BONUS PROBLEMS are required only if you are looking for a grade of A or A-. They are underrated, so solve the ordinary HW problems first. For a grade of A you need to earn at least 60% of the Bonus points (in addition to most of the ordinary HW points). For a grade of A- you need to earn at least 30% of the Bonus points (in addition to most of the ordinary HW points).

CHALLENGE PROBLEMS have no point value (but they earn you the instructor's attention) and no deadline (except they expire when discussed in class). Make sure you hand them in on a separate sheet, state your name, the fact that this is a challenge problem solution, and indicate the problem being solved. One further request: if you hand in a solution a challenge problem, send email to the instructor giving the problem number and the brief indication of the problem. Such email will create an easy record and help avoid mistakes in my records.

REWARD PROBLEMS are challenge problems that you should NOT hand in. The solution is its own reward. No deadline. Of course you may discuss your thoughts with each other, the TA, and the instructor.

If you suspect an error, please notify the instructor by email. If you are the first to report a serious error, you may earn bonus points. Stating that the exercise is wrong and giving a counterexample will not earn you the credit - report it (along with a possible fix if you see one). Please also report if the exercise seems too easy for the number of points given; this may again be a sign of an error, and the straightforward solution will not earn you the credit. Apply your critical thinking to whatever the instructor says or writes.

Go to top

REFRESH your browser to see latest update

Homework set #10 (due Wednesday, March 11 before class)

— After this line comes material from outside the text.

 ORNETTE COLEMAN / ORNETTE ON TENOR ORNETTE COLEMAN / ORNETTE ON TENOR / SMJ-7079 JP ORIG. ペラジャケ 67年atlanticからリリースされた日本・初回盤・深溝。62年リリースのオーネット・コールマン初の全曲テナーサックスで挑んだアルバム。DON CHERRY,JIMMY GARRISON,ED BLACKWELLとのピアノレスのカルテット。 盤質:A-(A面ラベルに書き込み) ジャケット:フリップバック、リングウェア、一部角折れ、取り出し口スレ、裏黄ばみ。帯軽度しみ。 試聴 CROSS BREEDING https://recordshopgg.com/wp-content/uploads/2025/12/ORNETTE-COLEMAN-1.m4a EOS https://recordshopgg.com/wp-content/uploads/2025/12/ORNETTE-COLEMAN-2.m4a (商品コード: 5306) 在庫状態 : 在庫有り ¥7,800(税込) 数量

10.1 THEOREM (Agrawal-Kayal-Saxena (AKS) 2002). PRIMES $\in \PPP$. In other words, given a positive integer $x$ we can decide in polynomial time whether $x$ is a prime number.

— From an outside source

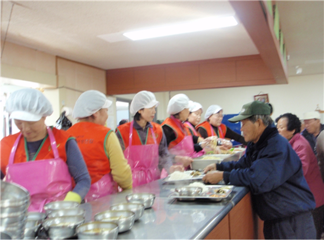 The Gyeongsangnam-do Changwon Branch did volunteer work preparing lunch, distributing food, and dish-washing, on Feb 24, 2011, at the Banji-dong Welfare Center.

10.2 HW (7 points) Recall the definition of the factoring decision problem, corresponding to the language FACT-DEC (Ex. 8.66). Prove: FACT-DEC $\in \NP\cap\coNP$. Use AKS.

10.3 CHALLENGE PROBLEM (no due date, no point value) Prove FACT-DEC $\in\NP\cap\coNP$ without using AKS. Hint: Use the fact that there exists a primitive root $\bmod p$. (Look it up.)

10.4 DEF Let $x=(x_1,\dots,x_n)$ and $y=(y_1,\dots,y_n)$ be real vectors. We say that $x\le y$ if $(\forall i)(x_i\le y_i)$.

10.5 DEF The Linear Programming problem (LP) is the optimization problem $$ \max \leftarrow \{f(x) \mid Ax\le b \} $$ where $A$ is a real $k\times n$ matrix, $b=(b_1,\dots,b_k)^T$ is a column vector of length $k$ (the $T$ indicates transpose), i.e., $b$ is a $k\times 1$ matrix, and $f(x)=c_1x_1+\dots+c_nx_n$ is a linear objective function where $c=(c_1,\dots,c_n)$ is a real vector. The input is $(A,b,c)$; the output is the optimum.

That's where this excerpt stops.